As a celebration of our performers, and the necessary medium of film to tell these stories at this moment in time, this special program presents some of the best songs specifically written for film ever since the genre first achieved the technology to capture sound. A diverse concert of hits like “Moon River” and “The Man That Got Away” mixed in with other songs from decades of film history offers a look at the effect of these songs on an audience and how, even in a non-musical film, music is key to unlocking the emotional journey of storytelling.

It is said that Jule Styne published over 1,500 songs in his lifetime, a staggering number that spans decades and includes dozens of collaborators. Beginning with Sammy Cahn in the 1940s, his lyricists would include names like Betty Comden, Adolph Green, Leo Robin, Bob Merrill, and Stephen Sondheim. Styne wrote some of our most famous songs and classic Broadway hits, with a multitude of lesser-known work along the way. The lasting power of star vehicles like Gypsy and Funny Girl has remained throughout every sea change of cultural mood and sentiment.

Ragtime. Anastasia. Once On This Island. A Man of No Importance. My Favorite Year. Lynn Ahrens has created lyrics for award winning songs for Broadway, Hollywood, and television earning Tony, Drama Desk and Outer Critics Circle Awards, in addition to Academy Award, Grammy Award and Golden Globe nominations. As one of the most revered and prolific contemporary lyricists—a woman in a world where few have flourished—it's time to shine a light on her incredible talent!

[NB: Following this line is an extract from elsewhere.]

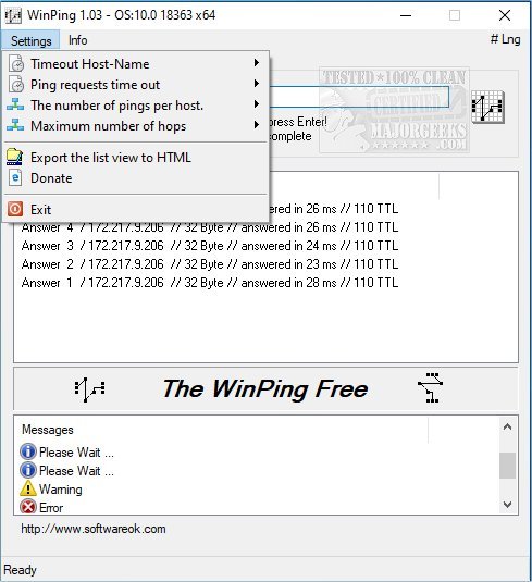 WinPing provides you with the ability to check or measure connections in your local network as well as on the internet.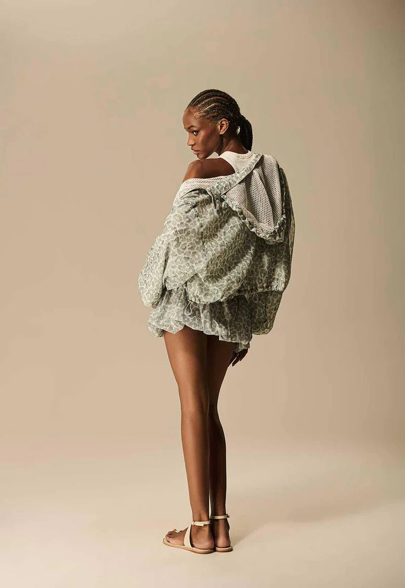 The Washed Leopard Hooded Jacket conveys an urban and sophisticated look for 2026. The animal print pattern in soft tones creates a fashionable and contemporary vibe, while the mesh-trimmed hood adds a sporty-chic touch. With elastic at the hem and cuffs, it provides comfort and a fitted fit, making it ideal for layering casual outfits with a touch of bold, contemporary style.

The Sound of Music Live! is a television special that was originally broadcast by NBC on December 5, 2013. Produced by Craig Zadan and Neil Meron, the special was an adaptation of Rodgers and Hammerstein's Broadway musical The Sound of Music, starring country singer Carrie Underwood as Maria von Trapp, performed and televised live from Grumman Studios in Bethpage, New York. Meron felt that if the telecast were successful, the concept could become "another kind of entertainment that can exist on TV." By her request, Underwood's casting as Maria was personally endorsed by Julie Andrews, who starred in the 1965 film.